● Exercise
Could you set down exactly the lines in the records below between the line holding "ククルスドアンの島版ガンダム" and the line holding "Authentic BURBERRY Canvas", inclusive?

START Data for processing

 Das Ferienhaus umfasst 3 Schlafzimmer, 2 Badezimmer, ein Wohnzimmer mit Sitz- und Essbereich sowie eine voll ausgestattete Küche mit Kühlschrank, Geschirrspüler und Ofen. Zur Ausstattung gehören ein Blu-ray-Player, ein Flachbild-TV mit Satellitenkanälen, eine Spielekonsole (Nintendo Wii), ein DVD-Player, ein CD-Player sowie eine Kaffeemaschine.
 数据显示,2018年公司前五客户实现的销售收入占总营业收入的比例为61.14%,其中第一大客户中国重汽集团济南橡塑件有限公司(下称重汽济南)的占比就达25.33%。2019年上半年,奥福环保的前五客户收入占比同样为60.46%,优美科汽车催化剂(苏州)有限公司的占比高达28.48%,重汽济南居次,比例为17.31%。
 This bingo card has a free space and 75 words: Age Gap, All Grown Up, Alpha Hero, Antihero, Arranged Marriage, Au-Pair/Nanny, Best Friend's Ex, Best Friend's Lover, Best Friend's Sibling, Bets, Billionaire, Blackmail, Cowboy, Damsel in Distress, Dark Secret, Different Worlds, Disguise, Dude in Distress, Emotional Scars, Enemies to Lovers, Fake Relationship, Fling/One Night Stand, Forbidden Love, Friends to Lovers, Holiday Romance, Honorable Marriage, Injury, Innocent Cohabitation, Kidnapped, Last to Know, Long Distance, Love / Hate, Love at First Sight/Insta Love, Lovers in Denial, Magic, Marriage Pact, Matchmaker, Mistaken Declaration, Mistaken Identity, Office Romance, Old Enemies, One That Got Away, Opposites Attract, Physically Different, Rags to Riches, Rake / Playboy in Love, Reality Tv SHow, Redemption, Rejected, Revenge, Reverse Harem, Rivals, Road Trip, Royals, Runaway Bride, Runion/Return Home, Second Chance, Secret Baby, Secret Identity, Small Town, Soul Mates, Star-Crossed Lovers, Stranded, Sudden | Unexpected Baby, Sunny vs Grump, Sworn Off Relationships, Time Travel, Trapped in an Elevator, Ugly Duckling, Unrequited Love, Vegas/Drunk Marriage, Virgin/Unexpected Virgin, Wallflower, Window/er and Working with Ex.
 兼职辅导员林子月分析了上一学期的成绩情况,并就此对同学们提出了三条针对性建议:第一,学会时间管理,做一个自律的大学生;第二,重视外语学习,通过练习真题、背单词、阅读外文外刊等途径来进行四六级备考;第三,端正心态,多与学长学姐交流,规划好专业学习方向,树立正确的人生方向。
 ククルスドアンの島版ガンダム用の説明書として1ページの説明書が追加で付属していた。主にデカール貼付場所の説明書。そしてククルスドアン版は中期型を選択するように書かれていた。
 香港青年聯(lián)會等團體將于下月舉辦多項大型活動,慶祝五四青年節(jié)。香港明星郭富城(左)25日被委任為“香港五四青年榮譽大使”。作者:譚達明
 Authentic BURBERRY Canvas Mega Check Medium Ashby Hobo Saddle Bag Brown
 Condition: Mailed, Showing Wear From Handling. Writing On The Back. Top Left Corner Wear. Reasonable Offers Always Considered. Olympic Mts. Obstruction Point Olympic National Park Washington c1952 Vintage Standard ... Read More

END Data for processing

● Answer to the exercise
 ククルスドアンの島版ガンダム用の説明書として1ページの説明書が追加で付属していた。主にデカール貼付場所の説明書。そしてククルスドアン版は中期型を選択するように書かれていた。
 香港青年聯(lián)會等團體將于下月舉辦多項大型活動,慶祝五四青年節(jié)。香港明星郭富城(左)25日被委任為“香港五四青年榮譽大使”。作者:譚達明
 Authentic BURBERRY Canvas Mega Check Medium Ashby Hobo Saddle Bag Brown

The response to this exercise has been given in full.